人工膝関節置換術(TKA)後もスポーツは出来る?行っても良いスポーツとは?
人工膝関節置換術後の患者から聞かれる言葉の中に、
「スポーツはしても良いの?」
という問いがあります。
人工膝関節置換術後もスポーツを行うことは可能なのでしょうか?
人工膝関節置換術(Total Knee Arthroplasty:TKA)とは、
変形性膝関節症や関節リウマチによる膝関節の変性に対して行われる
標準的な手術療法です。
主な効果としては、
“除痛”が挙げられ、歩行を始めとした日常生活活動動作の改善に寄与します。
無論、歩行のみならず階段昇降なども改善が期待できる対象になりますが、
それ以上に激しい運動、いわゆるスポーツなどは行えるようになるのでしょうか?
事実、これはTKA後の患者から多く質問される事柄の一つでありますが、
競技特性を考えると一概に一つの答えに結びつけることは困難です。
また、単純に疼痛が軽減し、歩行をはじめとする動作が改善できるのであれば行えるようになるだろうと思うのが当然でしょうが、
人工物がゆえに、必要以上の酷使は耐用年数を縮めることや、高い強度での運動が骨折や脱臼などのリスクに直結することさえあるのです。

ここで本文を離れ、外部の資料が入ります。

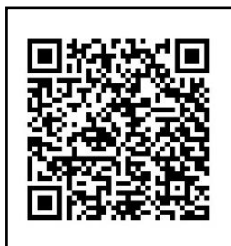
新 QR コード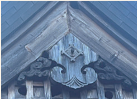
【図6】江川家住宅 懸魚

江川家住宅には、1つの懸魚を確認する事が出来た。懸魚自体の形態は蕪懸魚とベーシックな形だが、六葉の部分には江川家の家紋が施されていた。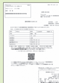
資格情報のお知らせのサンプル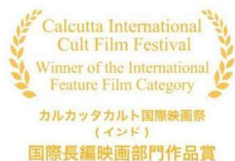
カルカット国際映画祭（インド） 国際長編映画部門作品賞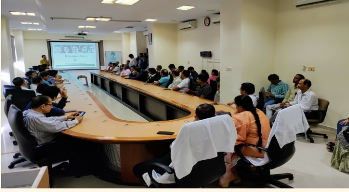
બી.એસ.એન.એલ હેડ ઓફિસ, અમદાવાદ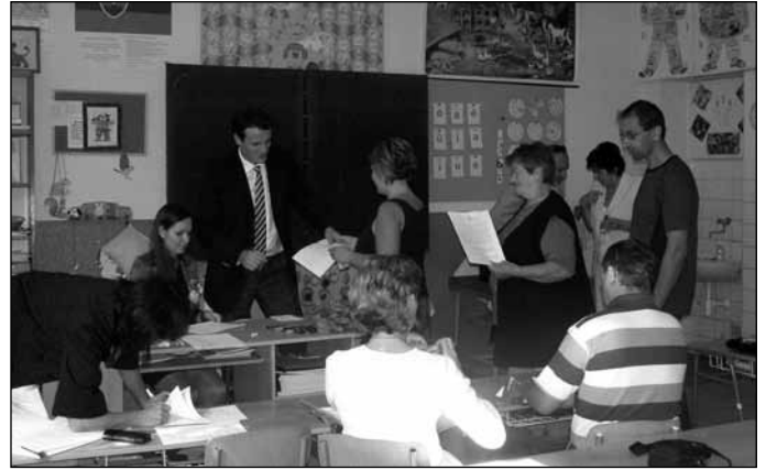
Az ösztöndíjak átadása Tejfalun...

Szeptember 28-án vette át a Rákóczi Szövetség ösztöndíját az a 156 somorjai és környékbeli szülő, akik a 2011 szeptemberében kezdődő tanévben magyar alapiskolába írták gyermeküket.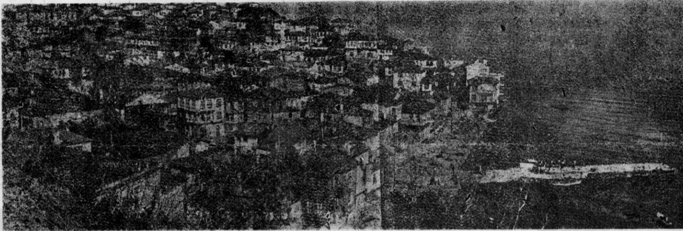
Γενική άποψη της περιφέρειας πύλεως της Βεθουσίας Τρίγλιας

ΕΚΔΙΔΕΤΑΙ ΚΑΘΕ ΔΙΜΗΝΟ ΑΠΟ ΤΟ ΣΥΛΛΟΓΟ ΤΡΙΓΛΙΑΝΩΝ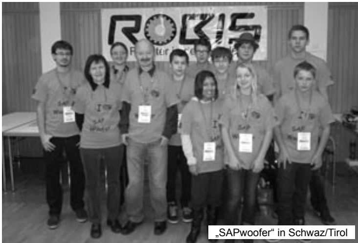
„SAPwoofer“ in Schwaz/Tirol

Aufstieg des Teams der HS- und PTS Wildon beim Legoleague Regionalentscheid zum Europahalbfinale in München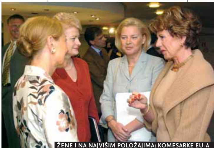
ŽENE I NA NAJVIŠIM POLOŽAJIMA: KOMESARKE EU-A

Autor je direktor BeCEI-a i docent na Fakultetu političkih nauka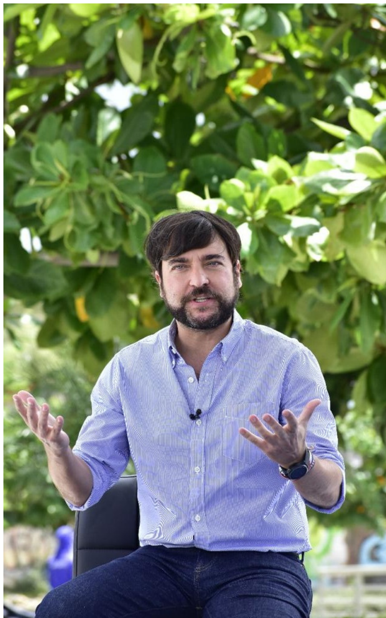
Jaime Pumarejo Heins Alcalde de Barranquilla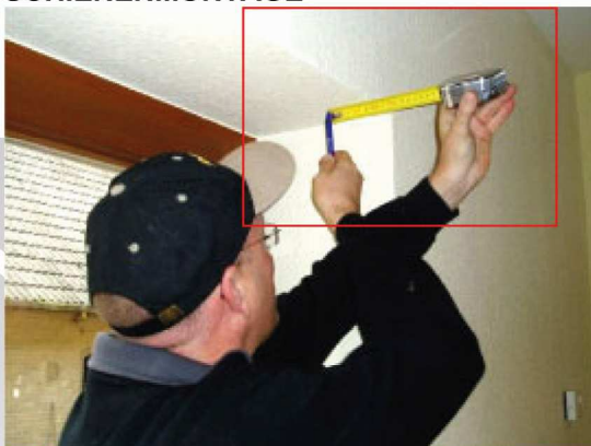
Abb.3: Bohrloch 70 mm von der Wand markieren...

← Die Bohrungen für die Befestigungsclips 70 mm von der Wandinnenkante anzeichnen.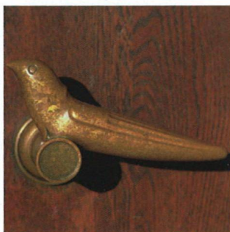
Světový unikát v hermelínu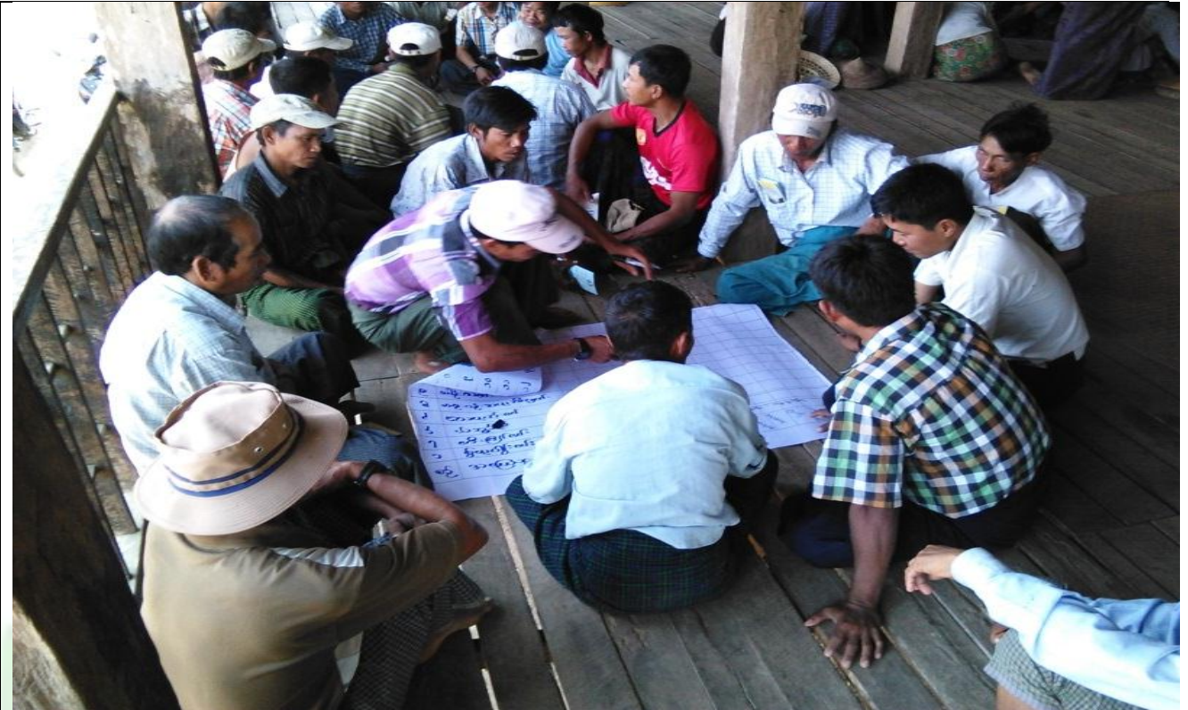
အမျိုးသားအုပ်စု၏ မှတ်တမ်းခါတ်ပုံ

そこで今回は、TKA後のスポーツ活動において推奨される運動や行えない運動などにはどのようなものがあるのかを紹介します。
TKA後にスポーツ活動は行っても良い?
まずは、
「TKA後にスポーツ活動は行っても良い?」
という問いから始めてみましょう。
TKAは、
・人工関節に加わる力学ストレスによる摩耗や破損などのリスク
・転倒や衝撃などによる骨折等のリスク
の二つのリスクの面でスポーツ活動の是非を考えなければなりません。
反対に言えば、これらのリスクが最小となるものであれば行っても良いという判断にもなるかもしれません。
実はこれらに関して、明確な基準となるものは報告はされていません。
しかしながら最も参考になりうるものとして、
Healyらによる人工膝関節に精通した医師らによるアンケートを元に作成したガイドラインが存在します。
(Athletic activity after total joint arthroplasty.Healy WL1, Sharma S, Schwartz B, Iorio R.J Bone Joint Surg Am. 2008 Oct;90(10):2245-52. doi: 10.2106/JBJS.H.00274.)
このガイドラインには、
○行っても良いスポーツ
△十分に注意して行うスポーツ(経験のあるもの)
×行ってはいけないスポーツ
に分類されています。
○行っても良いスポーツ
・サイクリング(屋内固定型)
・ウォーキング
・テニス(ダブルス)
・水泳
・クロケット
・ホールダンス
・ゴルフ
・射撃 等
△十分に注意して行うスポーツ(経験のあるもの)
・低衝撃エアロビクス
・サイクリング(屋外)
・ボウリング
・ハイキング
・乗馬
・クロスカントリー
・カヌー
×行ってはいけないスポーツ
・衝撃の激しいエアロビクス
・サッカー
・ラグビー
・ジョギング
・バレーボール
・バスケットボール
・ハンドボール
・ホッケー
・ラクロス
・ロッククライミング
・テニス(シングルス)
・器械体操
・野球
・ソフトボール
まとめ
今回は、TKA後のスポーツ活動において推奨される運動や行えない運動などにはどのようなものがあるのかを紹介しました。
ただし、これらは長期成績に関しての調査は含まれておらず、それらは不明でありエビデンスはないとしている。
行ってはいけないスポーツというのは、明らかに接触を伴うものや、強い走行や跳躍を伴うものが含まれており、容易にリスクが高いことは想像できます。
これが現在の人工関節に対するスポーツのあり方の考え方の基本であり、人工関節に強い衝撃が加わることや、予測不能の運動が生じないことが前提であると思われます。
ただし、人工関節に対して適度な力学的負荷を加えることはインプラントの固定性を高めることが期待できるとも言われており、やはり必ずしも全てを否定するものではなく、種目を選ぶ必要があるということです。
事実、ゴルフなどへ復帰される方は多く、それを目的に人工関節置換術を受けに来る人も少なくありません。
これらの点に関しては年齢や個々の運動能力や性格など多様な面が影響するナーバスな問題であり、必ず執刀した主治医の意見を参考にする必要があると思います。